Which model performs better?

In [None]:
# PARAMETERS TO CHANGE
input_columns = ['sepal length (cm)','sepal width (cm)']
test_size = 0.5
random_state = 42
model = LogisticRegression()
model_name = 'LR_with_sepaldata'


# Create input X, and target y to train the model with 
X = df_iris[input_columns]  # only use petal length and width
X = X.to_numpy()  # converting into numpy array
y = iris['target']

# Splitting into train and test
X_train, X_test, y_train, y_test = train_test_split(X,y,test_size=0.5, random_state=42)

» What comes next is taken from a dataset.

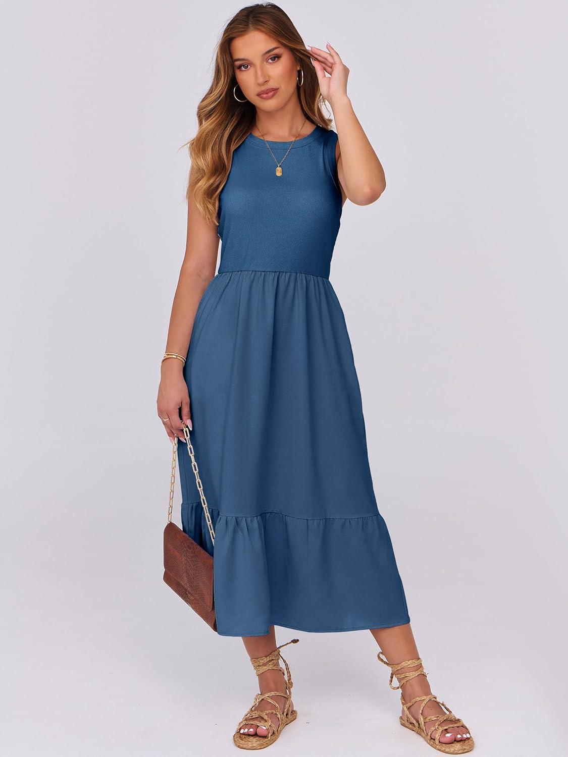ANRABESS Women Midi Dresses 2025 Summer Casual Sleeveless Sundress High Neck Tank Top Racerback Flowy Beach Dress & Pockets(Blue)

# Fit the model based on chosen parameters
model.fit(X,y)


training_prediction = model.predict(X_train)

test_prediction = model.predict(X_test)

print("Precision, Recall, Confusion matrix, in training\n")

# Precision Recall scores
print(metrics.classification_report(y_train, training_prediction, digits=3))

# Confusion matrix
print('Confuson matrix')
print(metrics.confusion_matrix(y_train, training_prediction))

## **THEORY - Pickle for Machine Learning models**
As you can see, saving different models as different pickle files is done easily. This can be of great help to a Data Engineer working with ML models.

 For example, it makes model comparison all trained with different parameters more organized and efficient. 
 
 Furthermore, it can help productionalize models: train multiple models and compare them in a development environment and only transfer the pickle file of the best performing model to the production environment.

 Congratulations on completing this module!